Participation Criteria

Eligibility Criteria

• Ages Eligible for Study: 46 years and older (Adult, Older Adult)
• Accepts Healthy Volunteers: No

Description

Inclusion Criteria:

• Patients deemed to be surgical candidates with focal (1-2 level) lumbar spinal stenosis (LSS) and associated stable degenerative spondylolisthesis with the following characteristics:

  1. a clinical history of back, buttock and leg pain with walking or standing that is improved when lying, sitting or bending forward
  2. a clinical history of leg symptoms that are greater than or equal to back symptoms with walking or standing, and
  3. greater than 6 months of symptoms with failed conservative care
• aged 50 or over
• sufficient fluency in English or French to provide informed consent and complete questionnaires with or without the need of an interpreter

Exclusion Criteria:

• Greater than 25% listhesis or spinal instability as demonstrated by motion (>5mm of translation) on flexion extension radiographs or non-loaded (MRI/CT or supine x-rays) to loaded imaging (standing radiograph)
• Presence of kyphosis (>0 degrees at the affected level or globally), degenerative scoliosis (>10 degree using the Cobb method) with rotatory or lateral listhesis on preoperative x-rays
• Clinical history of osteoporotic fracture or chronic oral steroid use
• Previous posterior lumbar spinal surgery (excluding prior microdiscectomy)
• Patients who have evidence of neurological disorders that affect physical function (e.g. peripheral neuropathy), neuromuscular disorders (e.g. multiple sclerosis, Parkinson's etc.) or systemic illness (e.g. inflammatory arthritis) that affects physical function

Study Plan

How is the study designed?

Design Details

• Primary Purpose: Treatment
• Allocation: Randomized
• Interventional Model: Parallel Assignment
• Masking: Double

Number of Arms

2

Arms and Interventions

Participant Group / Arm	Intervention / Treatment
Active Comparator: Decompression with fusion; Spinal decompression surgery with instrumented spinal fusion	Procedure: Spinal fusion; Procedure: Spinal decompression
Active Comparator: Decompression alone; Midline-sparing spinal decompression alone	Procedure: Spinal decompression

What is the study measuring?

Primary Outcome Measures

Outcome Measure	Measure Description	Time Frame
Number of patients recruited		1 year
Number of eligible patients		1 year
Reasons for refusal to consent		1 year
Proportion of patients who adhere to randomized allocation		2 years
Number of patients refusing to consent due to blinding		1 year
Blinding status	Patient's assessment of which treatment they received	1.5 months post-surgery
Oswestry Disability Index (ODI)	10-item patient-reported questionnaire measuring disability related to low back pain.

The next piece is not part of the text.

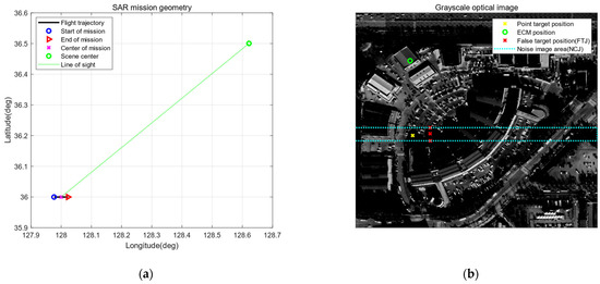 Graphical representations of the inputs for the proposed airborne SAR simulator. (a) SAR mission geometry, including flight trajectory, flight direction, and scene center. (b) Grayscale optical image used to generate the reflectivity map, and the positions of the point target, ECM, false targets, and the area of false image due to jamming signal.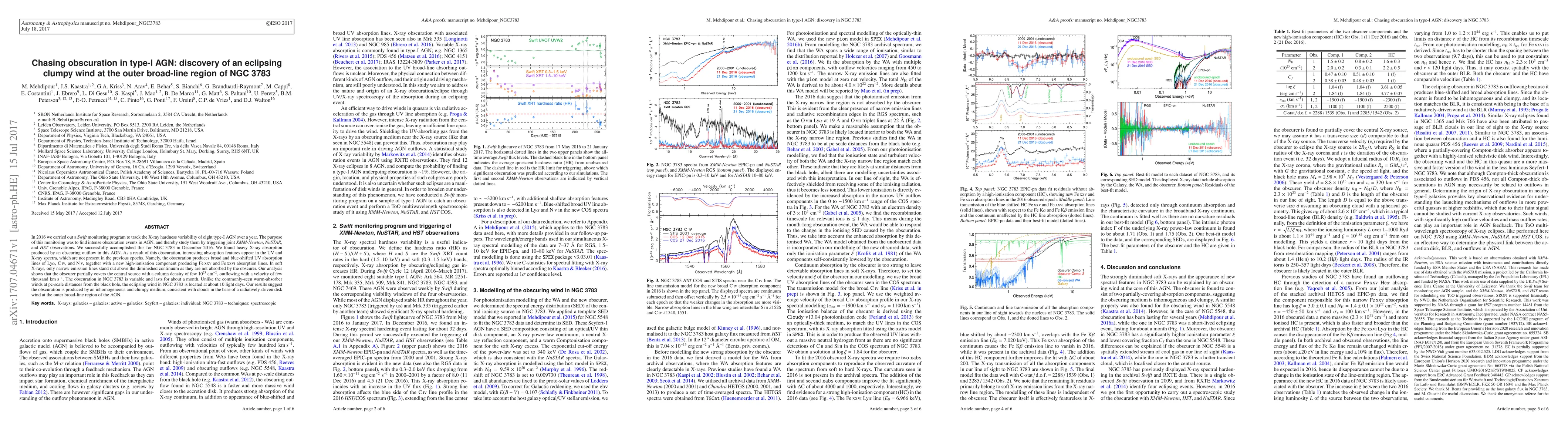 In 2016 we carried out a Swift monitoring program to track the X-ray hardness variability of eight type-I AGN over a year. The purpose of this monitoring was to find intense obscuration events in AGN, and thereby study them by triggering joint XMM-Newton, NuSTAR, and HST observations. We successfully accomplished this for NGC 3783 in December 2016. We found heavy X-ray absorption produced by an obscuring outflow in this AGN. As a result of this obscuration, interesting absorption features appear in the UV and X-ray spectra, which are not present in the previous epochs. Namely, the obscuration produces broad and blue-shifted UV absorption lines of Ly$\alpha$, C IV, and N V, together with a new high-ionisation component producing Fe XXV and Fe XXVI absorption lines. In soft X-rays, only narrow emission lines stand out above the diminished continuum as they are not absorbed by the obscurer. Our analysis shows that the obscurer partially covers the central source with a column density of few $10^{23}$ cm$^{-2}$, outflowing with a velocity of few thousand km s$^{-1}$. The obscuration in NGC 3783 is variable and lasts for about a month. Unlike the commonly-seen warm-absorber winds at pc-scale distances from the black hole, the eclipsing wind in NGC 3783 is located at about 10 light days. Our results suggest the obscuration is produced by an inhomogeneous and clumpy medium, consistent with clouds in the base of a radiatively-driven disk wind at the outer broad-line region of the AGN.

Each item has six response options ranging from 0 to 5; the responses are summed and rescaled so 0 indicates no disability and 100 indicates extreme disability.	6-18 weeks, 6 months (optional), 12 months, and 24 months post-surgery
Proportion of patients who receive randomized allocation		2 years
Number of patients refusing to consent due to randomization		1 year
Number, type and severity of adverse events		End of hospital stay (average 6.5 days post-surgery)

Secondary Outcome Measures

Outcome Measure	Measure Description	Time Frame
Short-Form 12 scores: Physical Function, Bodily Pain, Physical Component Summary	12-item patient-reported questionnaire for general health status based on the SF-36 Health Survey (version 2). Measures eight health domains, each scored so 0 is the worst and 100 is the best possible score: general health (GH), physical function (PF), bodily pain (BP), role limitations due to physical problems (RP), role limitations due to emotional problems (RE), mental health (MH), social functioning (SF), and energy/fatigue (VT). The domain scores can be aggregated into Physical Component Summary (PCS) and Mental Component Summary (MCS) scores, also scaled so 0 is the worst and 100 is the best possible score. This study will focus primarily on the Physical Function domain, the Bodily Pain domain, and the Physical Component Summary score.	Baseline; 6-18 weeks, 6 months (optional), 12 months, and 24 months post-surgery
Euro-QoL health utility index	Patient-reported questionnaire for general health state which includes five items (mobility, self-care, usual activities, pain/discomfort, and anxiety/depression) and a visual analog scale for self-rated health state. Using an existing U.S. population-based value set, responses will be converted to the corresponding health utility index (1.0=perfect health and 0.0=death).	Baseline; 6-18 weeks, 6 months (optional), 12 months, and 24 months post-surgery
Patient Health Questionnaire-9 score	Patient-reported questionnaire that measures severity of depression symptoms. It is scored from 0 to 27, with the following interpretation: 0-4=no symptoms, 5-9=minimal symptoms; 10-14=mild/minor depression or dysthymia; 15-19=moderate major depression; 20-27=severe major depression.	Baseline
Costs incurred by patients		monthly from 1.5 to 12 months post-surgery; 24 months post-surgery
Hospital cost		End of hospital stay (average 6.5 days post-surgery)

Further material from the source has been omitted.